_Activity_:
For every line below, restate it exactly and drop the images.

BEGIN Information shown

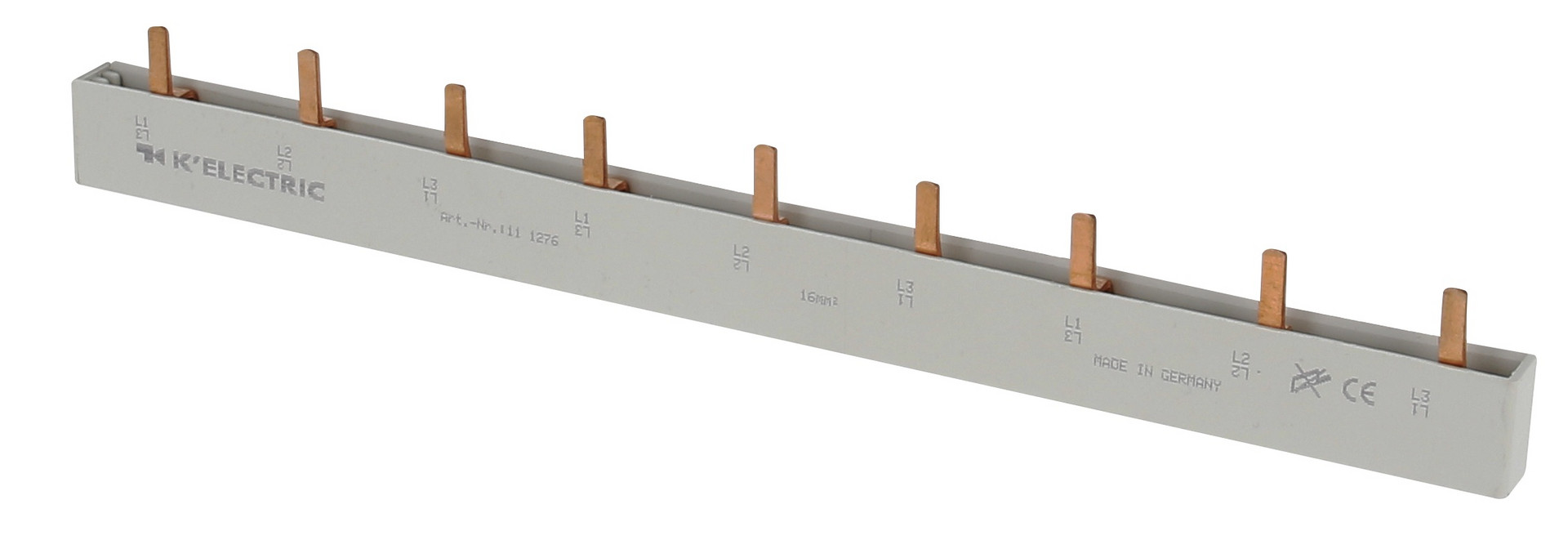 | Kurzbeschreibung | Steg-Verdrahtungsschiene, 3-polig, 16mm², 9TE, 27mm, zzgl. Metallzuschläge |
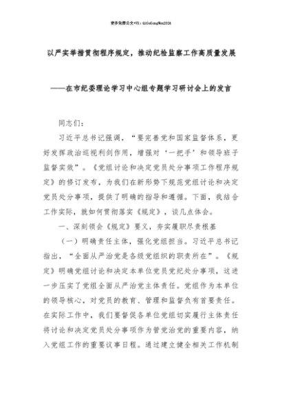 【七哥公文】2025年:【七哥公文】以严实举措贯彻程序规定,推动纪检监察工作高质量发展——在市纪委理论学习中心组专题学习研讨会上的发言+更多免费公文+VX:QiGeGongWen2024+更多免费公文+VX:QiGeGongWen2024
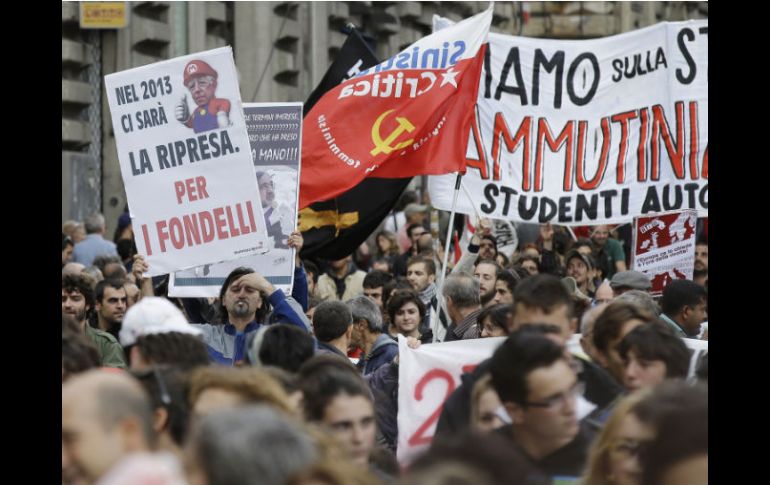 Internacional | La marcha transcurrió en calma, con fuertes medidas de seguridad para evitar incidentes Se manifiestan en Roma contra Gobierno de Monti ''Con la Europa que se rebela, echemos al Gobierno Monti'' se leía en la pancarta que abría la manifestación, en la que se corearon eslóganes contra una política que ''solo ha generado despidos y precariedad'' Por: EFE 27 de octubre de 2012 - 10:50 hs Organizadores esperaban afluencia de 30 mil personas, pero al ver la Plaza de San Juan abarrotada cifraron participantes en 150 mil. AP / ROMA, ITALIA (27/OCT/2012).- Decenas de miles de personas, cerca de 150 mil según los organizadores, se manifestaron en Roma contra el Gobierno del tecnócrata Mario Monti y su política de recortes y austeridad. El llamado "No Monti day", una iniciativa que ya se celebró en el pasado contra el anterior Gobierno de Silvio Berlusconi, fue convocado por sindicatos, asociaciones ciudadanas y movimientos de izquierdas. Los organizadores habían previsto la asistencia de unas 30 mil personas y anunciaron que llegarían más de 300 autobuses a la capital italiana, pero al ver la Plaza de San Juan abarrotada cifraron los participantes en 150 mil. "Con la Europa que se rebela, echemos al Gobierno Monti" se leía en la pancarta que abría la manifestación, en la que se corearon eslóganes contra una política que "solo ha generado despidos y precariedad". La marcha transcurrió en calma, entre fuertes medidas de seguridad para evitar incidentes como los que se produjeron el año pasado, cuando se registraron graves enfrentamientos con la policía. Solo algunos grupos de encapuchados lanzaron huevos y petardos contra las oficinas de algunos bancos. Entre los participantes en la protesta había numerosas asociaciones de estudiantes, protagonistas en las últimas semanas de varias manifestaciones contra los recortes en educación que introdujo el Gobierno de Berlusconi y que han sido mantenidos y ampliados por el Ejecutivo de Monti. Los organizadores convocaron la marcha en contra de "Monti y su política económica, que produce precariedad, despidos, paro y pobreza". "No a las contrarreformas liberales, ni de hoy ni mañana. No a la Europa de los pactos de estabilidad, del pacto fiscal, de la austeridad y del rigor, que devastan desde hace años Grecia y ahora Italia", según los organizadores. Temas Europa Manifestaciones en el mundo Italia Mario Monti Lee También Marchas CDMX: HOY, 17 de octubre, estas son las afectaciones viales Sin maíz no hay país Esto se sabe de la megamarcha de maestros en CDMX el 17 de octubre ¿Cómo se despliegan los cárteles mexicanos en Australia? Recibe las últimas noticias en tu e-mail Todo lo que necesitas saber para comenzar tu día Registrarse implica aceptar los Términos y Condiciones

END Information shown

_Task solution_:
 | Kurzbeschreibung | Steg-Verdrahtungsschiene, 3-polig, 16mm², 9TE, 27mm, zzgl. Metallzuschläge |
 【七哥公文】2025年:【七哥公文】以严实举措贯彻程序规定,推动纪检监察工作高质量发展——在市纪委理论学习中心组专题学习研讨会上的发言+更多免费公文+VX:QiGeGongWen2024+更多免费公文+VX:QiGeGongWen2024
 Internacional | La marcha transcurrió en calma, con fuertes medidas de seguridad para evitar incidentes Se manifiestan en Roma contra Gobierno de Monti ''Con la Europa que se rebela, echemos al Gobierno Monti'' se leía en la pancarta que abría la manifestación, en la que se corearon eslóganes contra una política que ''solo ha generado despidos y precariedad'' Por: EFE 27 de octubre de 2012 - 10:50 hs Organizadores esperaban afluencia de 30 mil personas, pero al ver la Plaza de San Juan abarrotada cifraron participantes en 150 mil. AP / ROMA, ITALIA (27/OCT/2012).- Decenas de miles de personas, cerca de 150 mil según los organizadores, se manifestaron en Roma contra el Gobierno del tecnócrata Mario Monti y su política de recortes y austeridad. El llamado "No Monti day", una iniciativa que ya se celebró en el pasado contra el anterior Gobierno de Silvio Berlusconi, fue convocado por sindicatos, asociaciones ciudadanas y movimientos de izquierdas. Los organizadores habían previsto la asistencia de unas 30 mil personas y anunciaron que llegarían más de 300 autobuses a la capital italiana, pero al ver la Plaza de San Juan abarrotada cifraron los participantes en 150 mil. "Con la Europa que se rebela, echemos al Gobierno Monti" se leía en la pancarta que abría la manifestación, en la que se corearon eslóganes contra una política que "solo ha generado despidos y precariedad". La marcha transcurrió en calma, entre fuertes medidas de seguridad para evitar incidentes como los que se produjeron el año pasado, cuando se registraron graves enfrentamientos con la policía. Solo algunos grupos de encapuchados lanzaron huevos y petardos contra las oficinas de algunos bancos. Entre los participantes en la protesta había numerosas asociaciones de estudiantes, protagonistas en las últimas semanas de varias manifestaciones contra los recortes en educación que introdujo el Gobierno de Berlusconi y que han sido mantenidos y ampliados por el Ejecutivo de Monti. Los organizadores convocaron la marcha en contra de "Monti y su política económica, que produce precariedad, despidos, paro y pobreza". "No a las contrarreformas liberales, ni de hoy ni mañana. No a la Europa de los pactos de estabilidad, del pacto fiscal, de la austeridad y del rigor, que devastan desde hace años Grecia y ahora Italia", según los organizadores. Temas Europa Manifestaciones en el mundo Italia Mario Monti Lee También Marchas CDMX: HOY, 17 de octubre, estas son las afectaciones viales Sin maíz no hay país Esto se sabe de la megamarcha de maestros en CDMX el 17 de octubre ¿Cómo se despliegan los cárteles mexicanos en Australia? Recibe las últimas noticias en tu e-mail Todo lo que necesitas saber para comenzar tu día Registrarse implica aceptar los Términos y Condiciones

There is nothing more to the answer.